Its good that OTPA alliance tries to publicise this. I don’t really have much time for their agenda either though TBH, but at least they are open about it.

I’m so confused, Twat Munro! I thought us lefties were all fabulously wealthy? Now I hear that in fact we earn less than right-whingers.

You just can’t make up your mind which one of the mutually incompatible stereotypes you want to use, can you?

I believe that taxes are too high and fall too heavily on low wage earners. I would like to see a fall in the overall tax burden, with the reduction centred around raising the income tax and N.I. threshold to £13,400 (or there abouts), 13,400 being the sum recommended by the Rowntree Foundation. One of the best ways to cut the tax burden is to find and expose examples of waste.

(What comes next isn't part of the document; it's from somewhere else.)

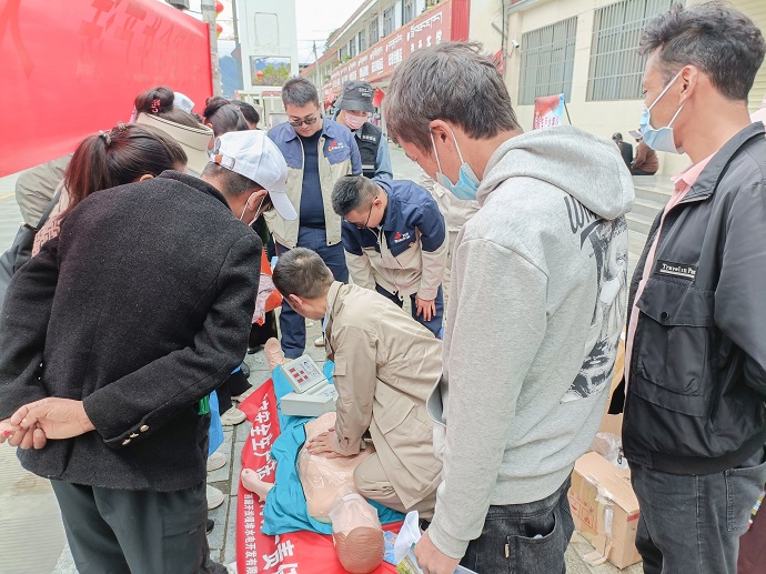 為保證活動(dòng)實(shí)效,嘎堆水電公司提前籌劃、精心準(zhǔn)備了形式多樣的活動(dòng)素材,現(xiàn)場(chǎng)不僅懸掛了“實(shí)施安全生產(chǎn)法 人人事事保安全”的宣傳標(biāo)語(yǔ),還設(shè)置了咨詢臺(tái)、安全展板等,志愿者們向現(xiàn)場(chǎng)群眾講解并發(fā)放了《安全生產(chǎn)月宣傳雨傘、文化帽》《安全知識(shí)進(jìn)萬(wàn)家系列—急救知識(shí)宣傳冊(cè)》等四類共計(jì)150份安全生產(chǎn)政策法規(guī)、應(yīng)急避險(xiǎn)和自救互救方法等方面的宣傳資料。在實(shí)操展示環(huán)節(jié),志愿者用心肺復(fù)蘇模擬器和觸電感受器向現(xiàn)場(chǎng)群眾講解并演示了急救知識(shí)—心肺復(fù)蘇操作方法和體驗(yàn)人體觸電的真實(shí)感受。

The non-jobs example is a good case of where the TPA could improve. Most jobs have some sort of useful element, and this is what protects those non-jobs. The useful element might only be a few hours a week, so the focus should be on ensuring that the useful element is covered while not paying a full salary, pension etc. to that person.

Oh dear, Mr. Rumbold, I fear your usual powers of rational evidence-based thinking have stumbled into a serious pit of impenetrable wrongness.

The TPA are (for the many reasons outlined above) not a credible organisation.

I mean, c’mon, they even argue that the lottery is a form of taxation akin to the duty on alcohol (which is nonsense, there are plenty of alternative – and completely voluntary – means of gambling your cash readily available on the High Street).

What little they do right is entirely lost in the tsunami of dogmatism in their over-hyped-in-the-media output.

Sorry, but you’re seriously wrong on this one.

I took a long walk before starting to write this comment… The Taxpayers’ Alliance, you know, isn’t just about the money. The Taxpayers’ Alliance likes money, particularly their own, but the motivation of the organisation is to demoralise faith in public services.

Their mind works something like this: Public services == state intervention == more taxes. TPA obsess about the first two elements, because it inevitably leads to the third for them. A patient individual might try to explain that the state or a charitable body might intervene in a social crisis to mitigate the long term impact. Troubled people cost money, so it is efficacious to act early. But remember the old joke that a Conservative is someone who knows the price of everything and the value of nothing?

I’m a more traditional liberal than most people around here. In theory, I should have more sympathy for TPA. But I despise them because they have adopted a liberal cloak to disguise their negativism.